Based on their findings, the researchers recommend that people with COVID-19 isolate for five days after symptoms begin, then complete lateral flow tests from the sixth day. If these tests are negative two days in a row, it is safe to leave isolation. If a person continues to test positive or does not have access to lateral flow devices, they should remain in isolation and, in order to minimise transmission to others, only leave on the 10th day after their symptoms began.
Professor Lalvani said: “Self-isolation is not necessary by law, but people who want to isolate need clear guidance on what to do. The NHS currently advises that if you test positive for COVID-19 you should try to stay at home and avoid contact with other people for five days, but our data suggest that under a crude five-day self-isolation period two-thirds of cases released into the community would still be infectious – though their level of infectiousness would have substantially reduced compared to earlier in the course of their infection.”

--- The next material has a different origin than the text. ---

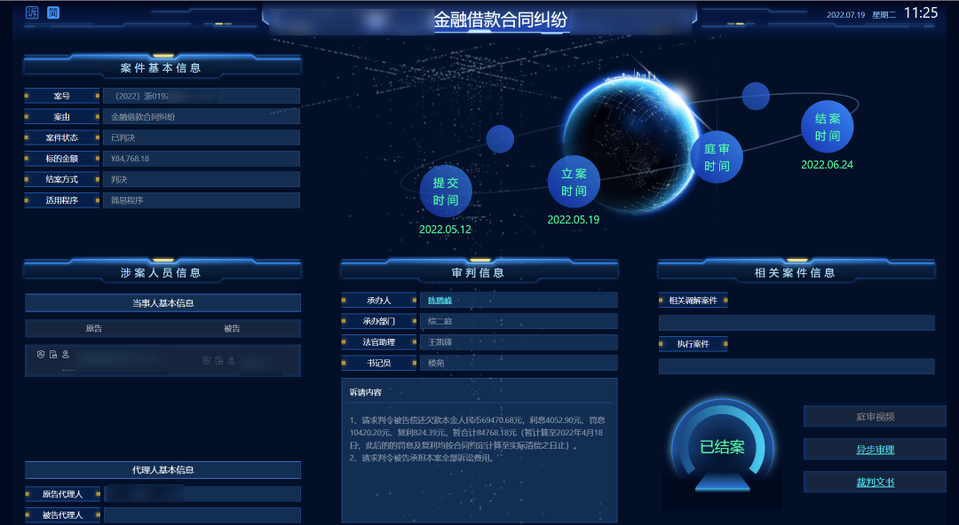 案件數(shù)字畫像整合全院的審判、執(zhí)行、人員、流程等數(shù)據(jù),對結(jié)案率、服判息訴率、改判發(fā)回瑕疵率等核心質(zhì)效指標(biāo)進(jìn)行監(jiān)控和預(yù)警,對在線庭審視頻實(shí)現(xiàn)一鍵點(diǎn)擊播放,對異步審理對話實(shí)現(xiàn)一鍵點(diǎn)擊瀏覽,對結(jié)案文書實(shí)現(xiàn)一鍵點(diǎn)擊查看,全面實(shí)現(xiàn)案件監(jiān)督管理全程網(wǎng)上運(yùn)行、全程留痕,智能監(jiān)測審判過程和結(jié)果偏離態(tài)勢,推動審判監(jiān)督管理由盯人盯案、層層審批,向全院、全員、全過程的實(shí)時動態(tài)監(jiān)管轉(zhuǎn)變。

He added: “NHS guidance for those with symptoms but who test negative is less clear about how long people should isolate for. Our study finds that infectiousness usually begins soon after you develop COVID-19 symptoms. We recommend that anyone who has been exposed to the virus and has symptoms isolates for five days, then uses daily lateral flow tests to safely leave isolation when two consecutive daily tests are negative.”
The study did not assess the Omicron variants currently circulating. There is some evidence that Omicron variants have a lower viral load and shed for less time than other variants, and the researchers note that their recommendations may be cautious, but still applicable, if this is true.
Most participants in the study were white, middle-aged, had a healthy BMI, and had no medical conditions. In other age groups and in those with medical conditions, these results may vary as they may be slower at clearing the virus.
A person’s infectiousness is one factor involved in transmission, alongside behavioural and environmental factors, such as where people are mixing, and if they are in close proximity to one another.
The study was funded by the National Institute for Health and Care Research.
‘Onset and window of SARS-CoV-2 infectiousness and temporal correlation with symptom onset: a prospective, longitudinal, community cohort study’ by Seran Hakki et al is published in The Lancet Respiratory Medicine.